Alternative processes as media critique (f295 cont’d)
from Situations Seen from a Considerable Distance © Jerry Spagnoli
While the focus of the f295 symposium was on the relationship between techniques and execution, there was also a powerful thread of critique in much of the work that was presented. The alternative and adaptive photographic methods around which the symposium is organized are alternatives to and adaptations of what have come to be conventional consumer, scientific, and journalistic photographic processes. Speakers Robert Hirsch, Jill Enfield, and Jerry Spagnoli all have produced work that speak to the limitations of media conventions, and suggest that there are risks and consequences to accepting conventional media language at face value. By no means was it the only or the most central common thread at the symposium, but I thought it would be interesting to photojournalists and documentary photographers, especially those who do not work with alternative processes.
Robert Hirsch has produced an installation piece, World In A Jar: War and Trauma , that isolates and decontextualizes images of violence and suffering that surround us, combining photojournalistic images (iconic pictures by Eddie Adams and James Nachtwey are here) with ones from popular culture (publicity still from Pulp Fiction). The pictures are printed twice and mounted back to back, then installed inside glass jars which are then stacked in groups. The pictures are thus recontextualized and meant to raise questions by speaking to one another.
World in a Jar: War and Trauma © Robert Hirsch
Hirsch has written a lot about photography , and it’s fascinating to see how he has chosen to realize those ideas in a piece. The work is, in his words, a meditation on loss, tragedy, religion, and the nature of evil; Hirsch states that this work is a response to his own questions about the nature of evil that began when he watched the Eichmann trial on television with his family as a boy.
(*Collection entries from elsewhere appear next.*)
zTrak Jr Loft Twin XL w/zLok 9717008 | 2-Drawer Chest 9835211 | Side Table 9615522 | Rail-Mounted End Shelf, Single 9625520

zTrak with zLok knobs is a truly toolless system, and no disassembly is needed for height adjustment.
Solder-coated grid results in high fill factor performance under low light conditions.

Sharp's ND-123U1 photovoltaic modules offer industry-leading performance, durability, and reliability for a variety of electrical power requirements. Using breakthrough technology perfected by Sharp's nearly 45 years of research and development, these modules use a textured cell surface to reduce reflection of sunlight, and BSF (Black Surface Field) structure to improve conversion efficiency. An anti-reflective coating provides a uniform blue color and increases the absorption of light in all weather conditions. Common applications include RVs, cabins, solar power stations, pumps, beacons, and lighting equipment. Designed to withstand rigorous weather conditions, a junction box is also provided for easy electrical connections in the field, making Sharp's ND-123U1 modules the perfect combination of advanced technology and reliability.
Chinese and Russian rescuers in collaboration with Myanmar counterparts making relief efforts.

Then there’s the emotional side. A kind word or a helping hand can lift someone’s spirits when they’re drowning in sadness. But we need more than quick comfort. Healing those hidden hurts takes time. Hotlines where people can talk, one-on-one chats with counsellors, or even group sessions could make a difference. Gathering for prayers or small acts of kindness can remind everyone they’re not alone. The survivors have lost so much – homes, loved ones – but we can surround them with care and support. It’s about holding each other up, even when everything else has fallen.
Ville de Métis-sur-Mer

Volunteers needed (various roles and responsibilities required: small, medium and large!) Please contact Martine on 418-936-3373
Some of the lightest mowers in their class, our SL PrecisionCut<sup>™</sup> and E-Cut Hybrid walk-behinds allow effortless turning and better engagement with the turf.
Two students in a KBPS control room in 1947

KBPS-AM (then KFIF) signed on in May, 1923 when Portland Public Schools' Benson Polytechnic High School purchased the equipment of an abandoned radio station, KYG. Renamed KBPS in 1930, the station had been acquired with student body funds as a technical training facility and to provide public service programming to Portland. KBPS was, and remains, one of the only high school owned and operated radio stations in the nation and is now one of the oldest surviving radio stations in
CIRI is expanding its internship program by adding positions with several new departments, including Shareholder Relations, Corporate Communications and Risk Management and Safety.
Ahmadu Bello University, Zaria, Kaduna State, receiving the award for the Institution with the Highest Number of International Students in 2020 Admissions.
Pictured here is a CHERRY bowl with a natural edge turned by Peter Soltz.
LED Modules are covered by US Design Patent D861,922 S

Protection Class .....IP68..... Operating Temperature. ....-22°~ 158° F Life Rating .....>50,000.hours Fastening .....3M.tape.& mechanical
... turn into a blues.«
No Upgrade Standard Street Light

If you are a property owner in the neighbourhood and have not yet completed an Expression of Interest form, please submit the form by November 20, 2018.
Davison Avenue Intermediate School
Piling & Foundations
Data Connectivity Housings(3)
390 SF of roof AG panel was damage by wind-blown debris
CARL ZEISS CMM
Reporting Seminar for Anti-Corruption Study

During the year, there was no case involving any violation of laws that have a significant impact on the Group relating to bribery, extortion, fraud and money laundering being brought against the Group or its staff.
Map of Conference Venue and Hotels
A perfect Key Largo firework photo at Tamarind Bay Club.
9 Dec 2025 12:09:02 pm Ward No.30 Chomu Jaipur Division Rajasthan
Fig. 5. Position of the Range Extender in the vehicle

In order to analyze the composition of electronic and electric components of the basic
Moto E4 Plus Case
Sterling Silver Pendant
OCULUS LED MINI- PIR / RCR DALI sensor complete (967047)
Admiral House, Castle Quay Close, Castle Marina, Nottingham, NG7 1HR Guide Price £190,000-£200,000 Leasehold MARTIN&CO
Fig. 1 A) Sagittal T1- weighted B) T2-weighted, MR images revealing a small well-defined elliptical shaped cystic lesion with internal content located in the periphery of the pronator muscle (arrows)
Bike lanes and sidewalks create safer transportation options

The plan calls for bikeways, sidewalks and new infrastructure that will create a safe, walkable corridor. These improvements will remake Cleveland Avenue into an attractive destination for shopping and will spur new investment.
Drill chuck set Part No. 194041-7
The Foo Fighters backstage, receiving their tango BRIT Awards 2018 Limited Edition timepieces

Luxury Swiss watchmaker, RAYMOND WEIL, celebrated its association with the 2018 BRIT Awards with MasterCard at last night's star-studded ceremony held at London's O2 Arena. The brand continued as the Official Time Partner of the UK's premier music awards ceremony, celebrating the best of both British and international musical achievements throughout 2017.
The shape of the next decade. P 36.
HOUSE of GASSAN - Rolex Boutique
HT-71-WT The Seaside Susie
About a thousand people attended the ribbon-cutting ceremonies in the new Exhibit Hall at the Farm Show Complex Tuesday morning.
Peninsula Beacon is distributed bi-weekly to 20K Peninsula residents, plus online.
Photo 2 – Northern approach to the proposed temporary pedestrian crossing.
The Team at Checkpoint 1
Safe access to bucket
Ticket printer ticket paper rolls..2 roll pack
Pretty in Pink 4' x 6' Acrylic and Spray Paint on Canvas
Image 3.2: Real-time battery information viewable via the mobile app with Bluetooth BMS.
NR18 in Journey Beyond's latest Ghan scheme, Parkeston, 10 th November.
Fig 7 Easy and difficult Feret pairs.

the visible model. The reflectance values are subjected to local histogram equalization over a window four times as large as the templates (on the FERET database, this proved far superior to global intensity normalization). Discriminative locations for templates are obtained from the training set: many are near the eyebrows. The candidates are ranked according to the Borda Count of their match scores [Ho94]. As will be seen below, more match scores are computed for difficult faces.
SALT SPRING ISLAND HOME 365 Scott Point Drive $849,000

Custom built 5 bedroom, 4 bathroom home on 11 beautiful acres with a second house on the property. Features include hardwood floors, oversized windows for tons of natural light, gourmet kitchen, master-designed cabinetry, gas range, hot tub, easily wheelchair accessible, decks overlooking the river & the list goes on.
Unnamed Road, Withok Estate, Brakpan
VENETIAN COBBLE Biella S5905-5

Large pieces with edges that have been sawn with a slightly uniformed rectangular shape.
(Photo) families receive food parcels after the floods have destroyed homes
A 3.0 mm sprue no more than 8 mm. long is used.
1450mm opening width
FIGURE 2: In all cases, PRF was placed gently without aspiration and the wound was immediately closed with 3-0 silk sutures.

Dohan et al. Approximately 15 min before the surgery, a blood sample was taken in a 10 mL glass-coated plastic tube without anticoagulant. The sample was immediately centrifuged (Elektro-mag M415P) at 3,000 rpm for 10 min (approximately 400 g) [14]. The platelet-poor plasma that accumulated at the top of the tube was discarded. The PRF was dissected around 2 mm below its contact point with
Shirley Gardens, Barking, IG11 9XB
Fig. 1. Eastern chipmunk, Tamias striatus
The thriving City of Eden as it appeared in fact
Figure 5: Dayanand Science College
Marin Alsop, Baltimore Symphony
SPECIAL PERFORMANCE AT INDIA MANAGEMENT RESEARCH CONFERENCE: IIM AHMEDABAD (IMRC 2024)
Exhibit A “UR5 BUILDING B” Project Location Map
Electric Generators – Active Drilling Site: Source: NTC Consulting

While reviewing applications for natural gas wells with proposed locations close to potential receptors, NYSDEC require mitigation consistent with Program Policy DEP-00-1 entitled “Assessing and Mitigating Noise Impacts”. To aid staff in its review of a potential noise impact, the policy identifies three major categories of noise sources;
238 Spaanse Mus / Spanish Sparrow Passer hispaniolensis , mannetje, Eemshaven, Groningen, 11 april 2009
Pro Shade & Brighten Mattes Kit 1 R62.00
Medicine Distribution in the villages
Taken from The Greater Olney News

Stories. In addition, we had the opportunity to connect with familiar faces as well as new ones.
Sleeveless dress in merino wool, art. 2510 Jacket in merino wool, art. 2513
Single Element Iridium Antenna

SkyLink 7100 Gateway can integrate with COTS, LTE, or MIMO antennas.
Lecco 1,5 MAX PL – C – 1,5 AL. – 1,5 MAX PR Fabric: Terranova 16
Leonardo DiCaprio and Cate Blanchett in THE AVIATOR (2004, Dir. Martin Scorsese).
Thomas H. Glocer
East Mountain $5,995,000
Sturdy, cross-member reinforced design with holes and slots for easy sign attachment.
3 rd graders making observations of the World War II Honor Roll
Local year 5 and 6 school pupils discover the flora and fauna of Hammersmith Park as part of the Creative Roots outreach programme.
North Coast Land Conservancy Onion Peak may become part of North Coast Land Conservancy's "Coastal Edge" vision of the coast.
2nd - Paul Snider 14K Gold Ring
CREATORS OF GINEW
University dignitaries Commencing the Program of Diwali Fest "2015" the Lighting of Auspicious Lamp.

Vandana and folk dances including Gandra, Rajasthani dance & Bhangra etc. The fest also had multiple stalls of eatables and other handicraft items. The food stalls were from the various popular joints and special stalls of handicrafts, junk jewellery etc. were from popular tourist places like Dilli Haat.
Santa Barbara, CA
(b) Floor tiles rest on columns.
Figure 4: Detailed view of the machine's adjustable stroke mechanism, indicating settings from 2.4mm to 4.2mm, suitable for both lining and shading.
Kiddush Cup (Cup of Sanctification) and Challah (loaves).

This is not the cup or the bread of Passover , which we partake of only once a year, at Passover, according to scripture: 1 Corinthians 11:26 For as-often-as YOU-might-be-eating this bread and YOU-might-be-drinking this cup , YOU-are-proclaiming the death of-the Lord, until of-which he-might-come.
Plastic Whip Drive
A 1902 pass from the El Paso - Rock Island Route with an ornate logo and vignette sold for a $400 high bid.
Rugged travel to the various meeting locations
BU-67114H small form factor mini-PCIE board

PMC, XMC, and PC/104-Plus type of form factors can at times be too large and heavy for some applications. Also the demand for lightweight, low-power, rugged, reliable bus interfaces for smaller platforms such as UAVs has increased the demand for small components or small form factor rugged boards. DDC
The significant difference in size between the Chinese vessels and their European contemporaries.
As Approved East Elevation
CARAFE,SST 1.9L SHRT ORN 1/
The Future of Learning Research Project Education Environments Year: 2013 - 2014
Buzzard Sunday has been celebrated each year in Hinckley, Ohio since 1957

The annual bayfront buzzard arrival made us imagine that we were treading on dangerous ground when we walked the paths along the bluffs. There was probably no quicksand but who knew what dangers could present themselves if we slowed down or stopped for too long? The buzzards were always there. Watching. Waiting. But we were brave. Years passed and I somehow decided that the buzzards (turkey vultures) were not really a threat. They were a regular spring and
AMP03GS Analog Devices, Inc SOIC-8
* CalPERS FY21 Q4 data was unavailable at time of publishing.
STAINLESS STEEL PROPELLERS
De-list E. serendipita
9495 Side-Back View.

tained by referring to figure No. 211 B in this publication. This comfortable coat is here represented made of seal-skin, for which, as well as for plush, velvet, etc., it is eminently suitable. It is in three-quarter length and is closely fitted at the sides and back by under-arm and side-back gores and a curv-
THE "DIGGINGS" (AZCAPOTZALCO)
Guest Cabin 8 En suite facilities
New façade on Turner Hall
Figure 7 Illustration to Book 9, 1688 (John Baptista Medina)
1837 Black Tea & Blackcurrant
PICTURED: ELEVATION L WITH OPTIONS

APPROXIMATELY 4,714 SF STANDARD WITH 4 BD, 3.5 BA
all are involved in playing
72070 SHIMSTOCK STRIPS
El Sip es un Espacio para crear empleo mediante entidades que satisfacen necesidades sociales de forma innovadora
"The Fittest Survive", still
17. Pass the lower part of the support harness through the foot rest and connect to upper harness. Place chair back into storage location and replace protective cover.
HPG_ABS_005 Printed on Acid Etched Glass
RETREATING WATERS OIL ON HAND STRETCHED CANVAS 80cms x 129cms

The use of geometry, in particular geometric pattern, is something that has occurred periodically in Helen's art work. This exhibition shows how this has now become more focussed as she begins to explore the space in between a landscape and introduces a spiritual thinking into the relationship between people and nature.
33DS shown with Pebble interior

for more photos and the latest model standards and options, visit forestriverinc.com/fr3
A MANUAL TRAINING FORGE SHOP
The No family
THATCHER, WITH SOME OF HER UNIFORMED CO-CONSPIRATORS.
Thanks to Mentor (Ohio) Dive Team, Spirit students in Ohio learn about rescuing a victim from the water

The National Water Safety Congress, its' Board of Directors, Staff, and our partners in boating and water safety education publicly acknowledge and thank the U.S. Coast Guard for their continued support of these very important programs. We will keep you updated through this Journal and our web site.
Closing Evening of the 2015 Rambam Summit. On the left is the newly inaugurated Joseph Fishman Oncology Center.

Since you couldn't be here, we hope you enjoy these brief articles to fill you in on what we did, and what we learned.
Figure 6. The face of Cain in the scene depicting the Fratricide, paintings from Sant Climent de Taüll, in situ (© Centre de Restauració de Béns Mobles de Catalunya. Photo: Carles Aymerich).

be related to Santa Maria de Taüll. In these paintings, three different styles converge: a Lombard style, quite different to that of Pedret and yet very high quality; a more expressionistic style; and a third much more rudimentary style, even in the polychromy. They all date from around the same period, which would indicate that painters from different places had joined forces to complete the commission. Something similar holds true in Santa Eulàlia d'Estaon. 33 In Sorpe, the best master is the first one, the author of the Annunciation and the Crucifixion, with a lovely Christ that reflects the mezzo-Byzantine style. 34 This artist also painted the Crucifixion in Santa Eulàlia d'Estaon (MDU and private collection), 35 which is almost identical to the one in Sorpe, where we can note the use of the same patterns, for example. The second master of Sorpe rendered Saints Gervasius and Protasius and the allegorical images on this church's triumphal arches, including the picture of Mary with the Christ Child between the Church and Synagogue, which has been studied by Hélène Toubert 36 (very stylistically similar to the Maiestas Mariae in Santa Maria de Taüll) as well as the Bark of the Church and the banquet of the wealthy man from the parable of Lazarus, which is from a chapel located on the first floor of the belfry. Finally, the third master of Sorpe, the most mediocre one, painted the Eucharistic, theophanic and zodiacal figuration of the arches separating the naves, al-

It’s also interesting as an example of a kind of stream of consciousness edited group of pictures (not unlike the Tim Barber show at New York Photo Festival) in which the selection of images is necessarily significant, but the specific arrangement is not, and in which the seeming arbitrariness and sheer volume of pictures is part of the argument that is made: the pictures matter but that they are meant to be considered here not as individual pieces but as part of a large and flexible whole.
Where Robert Hirsch works with well-known found images, Jerry Spagnoli has produced several series of pictures using various techniques that question what a photographic document is supposed to look like, and what the world is that it is meant to describe. Jerry Spagnoli’s work includes daguerrotype street scenes, grainy images made from blowing up tiny fractions of negatives (using an enlarger elevated to 12 feet), “photomicrographs” in which he places negatives under a microscope in order to further enlarge them. In these latter two projects, he’s interested in the degree to which he can break down an image and still have it be legible, thereby questioning the reliability of the image as a document. One image that stands out is of police observing an anti-war rally from a San Francisco rooftop. The picture is evidence that someone was there but the only reliable information is the photographer’s statement and the posture, which speaks volumes. The daguerrotypes, he notes, allows for a powerfully vibrant experience of seeing a scene “captured” even as the technology heavily circumscribes what’s possible at all, as “an extraordinarily limited medium for describing the world” but one on which we have no less relied on for documentary information about the past.
from Pantheon series © Jerry Spagnoli
Spagnoli’s most interesting work may be his Pantheon (made with a pinhole camera) and Local Stories projects. All of the images in these projects- wide tableau of city scenes, gatherings, or landscapes- feature the sun in the center, the exposures reconciled with photoshop. The projects are inspired by a classical theory that the sun is not an object in the sky but actually a hole in a protective dome that shields us from a great light outside. If the sun is an aperture, then the world is a camera, and we are projections of some reality “out there”. It’s a fanciful idea that informs a group of pictures that are humanistic and comforting. These pictures have the opposite effect of his other projects, which produce a sense of distance; I want these pictures to be reliable.
Jill Enfield’s series of portraits of immigrants in New York came about after thinking about her own family’s experience of immigration as Jews fleeing Germany in 1939, in relation to the ways in which immigration and immigrants have been portrayed in news media since 9/11. Her portraits, all shot in her apartment on wet collodion, require the subject to sit still for 45-60 seconds. That period of silence and immobility, says Enfield, allows something to come through. By using the collodion process, Enfield seeks to access something not available to conventional photography, and produces an image that in its formal qualities is more forceful in its demand on the viewer to consider what the portrait reveals.
Leo Hsu
Robert © Jill Enfield
For those interested in alternative and adaptive processes, this is a good week to visit Pittsburgh:
Work by f295 presenters and others is on display at 707 Penn Gallery, Pittsburgh PA through 5 July 2008.
Robert Hirsch’s World In A Jar is on display at Pittsburgh Filmmakers to 6 June 2008.
Alternative Focus , featuring the work of Jessica Ferguson and Tom Persinger, is on display at Silver Eye Gallery, Pittsburgh to 14 June.